Based on this research question the paper presents an initial mapping by investigated the following aspects of the development of early visitor counters: (1) Visitor counters, producers, companies, economy, market: An analysis of the main actors who produced visitor counters, including business model, and the market, from early handheld handcoding, via peer-to-peer distribution of relevant HTML-code to professional international web companies like Digits (digits.com) or Internet Audit Bureau (internet-audit.com), as well as Danish counter providers like chart.dk and Danmarks Top100 (danmarks-top100.dk), and web hotels like Cybernet (cybernet.dk). (2) Technology: An analysis or how visitor counters were constructed, and how they worked on a website, including how they collected clicks and communicated with the visitor counter companies with a view for the website owner to become part of the top hit charts on the producers website. (3) Statistics: A mapping of how many visitor counters existed on the Danish web in total and relative to the total number of websites. (4) Network: An analysis of the hyperlink network between websites using a visitor counter, and the providers of counters. (5) Website owners, use forms, and aesthetics: An analysis of which types of websites visitor counters were used on, and of how they were communicatively and aesthetically framed by the website owner, including wording, icons, placement on the web page etc.

Sources: Websites from the Internet Archive, extracted from the national Danish web archive Netarkivet, and accessed through a SolrWayback interface which allows for free text search and extraction of all elements of the web pages.
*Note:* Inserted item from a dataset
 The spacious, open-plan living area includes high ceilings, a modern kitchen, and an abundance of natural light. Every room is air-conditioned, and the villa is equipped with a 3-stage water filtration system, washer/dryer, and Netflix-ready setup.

Internal documents from visitor counter companies in so far this has been provided. Research interviews with a limited number of website holders from the 1990s.

The presentation will outline the results within each of the focus areas above, including how they interrelate.

11:40
From Hit Counters to the Professionalisation of Web Metrics in Luxembourg (1990s-Mid-2000s)
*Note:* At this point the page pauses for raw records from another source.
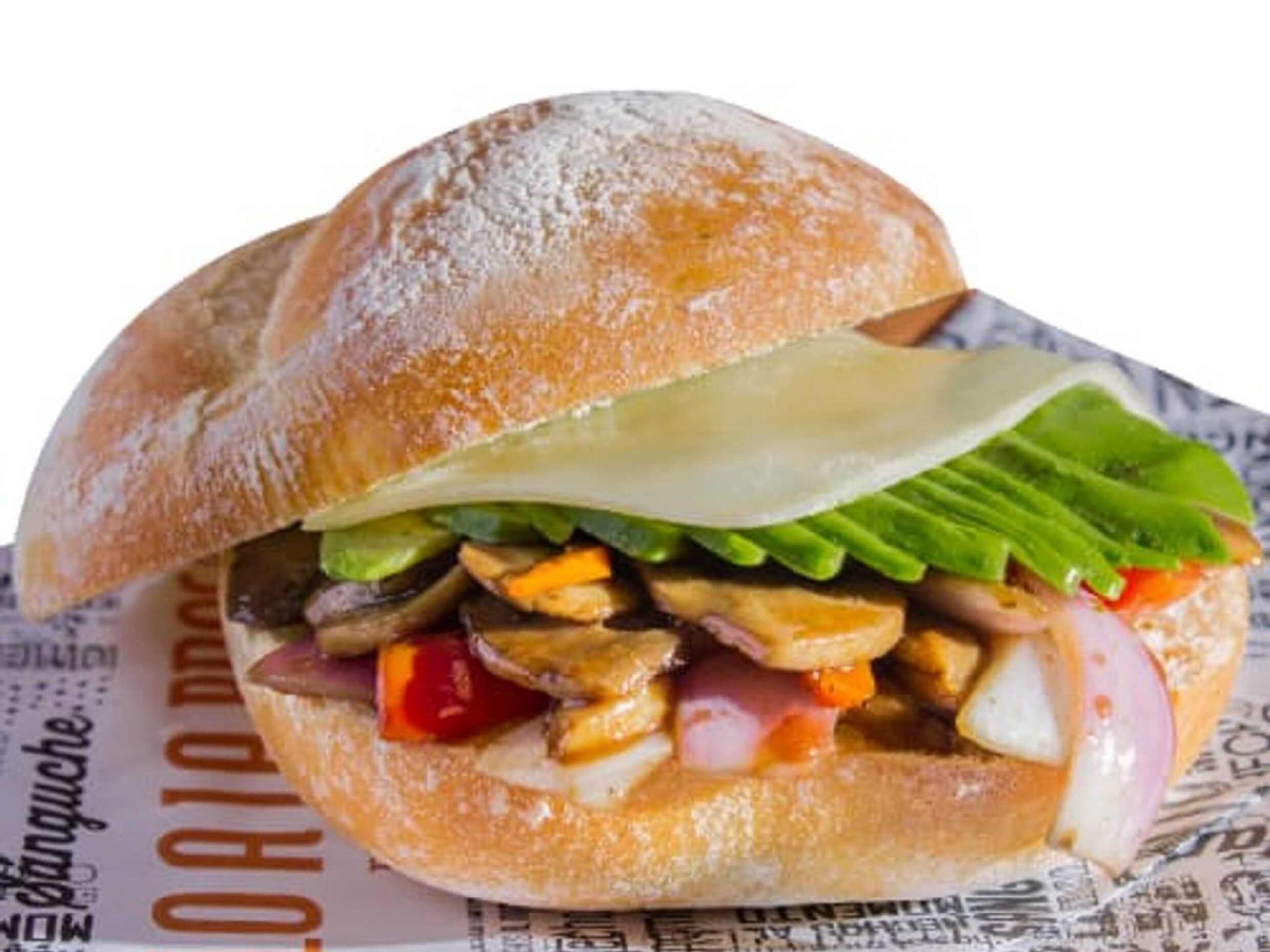 Salteado de cebolla, tomate, ají amarillo y champiñones con queso edam y palta.
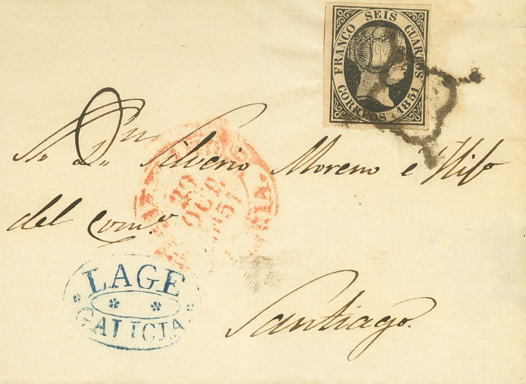 6. 1851. 6 cuartos negro. LAGE (CORUÑA) a SANTIAGO. Matasello ARAÑA y en el frente marca prefilatélica LAGE / GALICIA. MAGNIFICA Y EXTRAORDINARIAMENTE RARA.
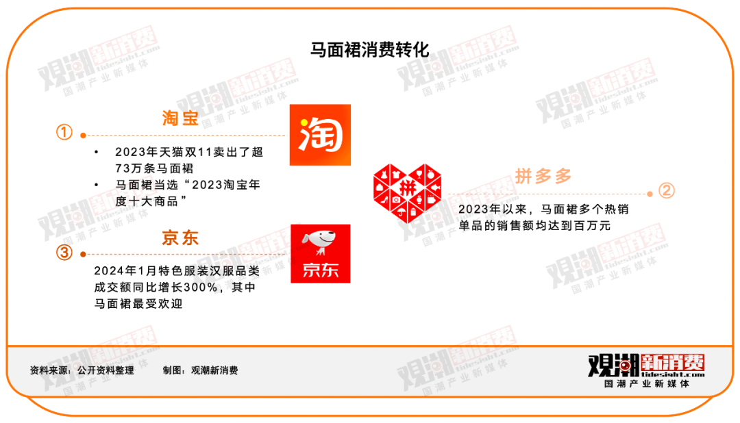 天猫平台增速相对较高,一方面是汉服品牌的正规化趋势,推动旗舰店数量增长;另一方面是马面裙的火爆引发部分女装品牌重视,尝试推出马面裙单品,带动天猫平台的销售增长。
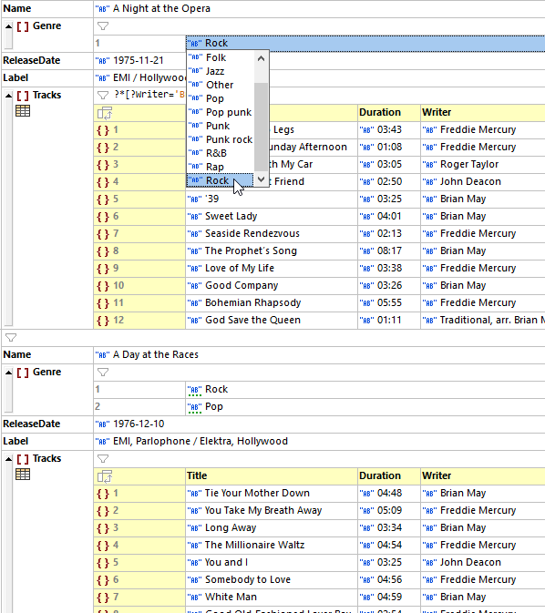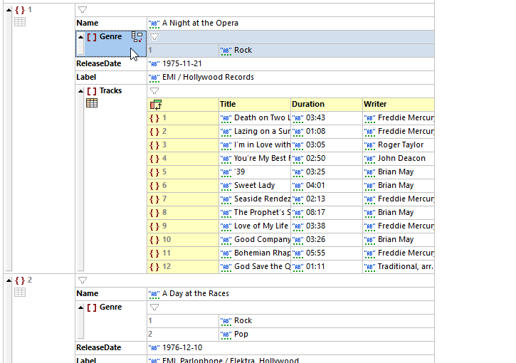 JSON Grid中的每个表都包含一个过滤器,可让您操纵对象和数组的显示。例如,在上面的屏幕截图中,过滤器已应用于数组,因此仅显示由Brian May编写的那些轨道。通过单击filter图标,可以轻松地在已过滤和未过滤的单元格之间切换。保存文件时,过滤器将存储在元数据中,以供以后查看。它们不会影响文档的内容。
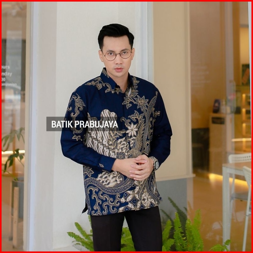 Seling Navy Kemeja Batik Pria Lengan Panjang Modern Premium Jumbo Slim Fit - Baju Batik Pria Cowok Kondangan Pesta Serag
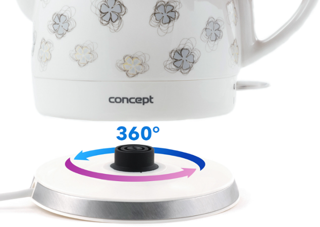 Keramická konvice je vybavena dvojnásobným bezpečnostním systémem, tzn. že se automaticky vypne po dosažení bodu varu nebo v momentě, kdy ji omylem zapnete prázdnou, takže nedochází k jejímu poškození. Hlavní spínač slouží současně jako kontrolka provozu, která se rozsvítí vždy, když je konvice zapnutá. Pro rychlejší manipulaci je vybavena plně otočným podstavcem, na který ji můžete usadit z jakéhokoliv úhlu. Nechybí ani praktický prostor pro uschování přebytečného kabelu.

ABSTRACT. The objective of this presentation is twofold: firstly, to identify the top-ranking websites in Luxembourg during the late 1990s; and secondly, to trace the evolution of the professionalization of measurement metrics in the country. This study focuses on how various stakeholders organised themselves to provide standardised data, thereby fostering the development of the nascent online advertising industry.

Furthermore, this presentation seeks to elucidate the methodological challenges inherent to the analysis of website metrics, particularly those associated with the use of web archives. These challenges include the limitations of web archives in capturing the user perspective (Meyer, Thomas & Schroeder, 2011) and the inherent issues of web archives themselves, such as incompleteness and temporal and spatial inconsistencies between archived fragments (Brügger, 2018). To illustrate, an analysis of the website cim.be, a Belgian company that many Luxembourg editors were affiliated with in 2001 to ensure certified Internet audience measurement and data veracity, revealed only fragmented data: it makes it difficult to draw comparisons over time. This data was supplemented with information from newspapers, magazines, and company websites to gain insight into the audience of the 1990s and 2000s (Arend, 2006).
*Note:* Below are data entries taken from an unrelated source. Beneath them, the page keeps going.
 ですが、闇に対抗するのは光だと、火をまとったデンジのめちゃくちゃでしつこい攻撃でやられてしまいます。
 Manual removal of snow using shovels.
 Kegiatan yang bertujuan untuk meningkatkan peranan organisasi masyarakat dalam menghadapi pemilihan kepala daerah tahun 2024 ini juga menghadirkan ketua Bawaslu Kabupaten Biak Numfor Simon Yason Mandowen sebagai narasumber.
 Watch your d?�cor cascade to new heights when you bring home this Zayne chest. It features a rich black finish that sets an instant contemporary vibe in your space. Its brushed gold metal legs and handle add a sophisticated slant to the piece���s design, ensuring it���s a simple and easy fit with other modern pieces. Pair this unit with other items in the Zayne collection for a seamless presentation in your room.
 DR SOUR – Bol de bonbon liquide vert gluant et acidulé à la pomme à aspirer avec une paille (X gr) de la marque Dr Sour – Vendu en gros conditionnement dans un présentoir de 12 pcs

In the 1990s, website traffic was measured by analysing server logs, which provided information through thousands of lines. However, the market soon evolved towards more user-friendly web analytics solutions, such as web counters. Each company had its own system, which often lacked reliability (Webster, Phalen & Lichty, 2013; Shiu, n.d.) It can be argued that one of the driving forces behind Luxembourg's development of standardised metrics and the proposal for a neutral institution to oversee them was the burgeoning online advertising industry, which led to the first conference on online advertising as early as 1999.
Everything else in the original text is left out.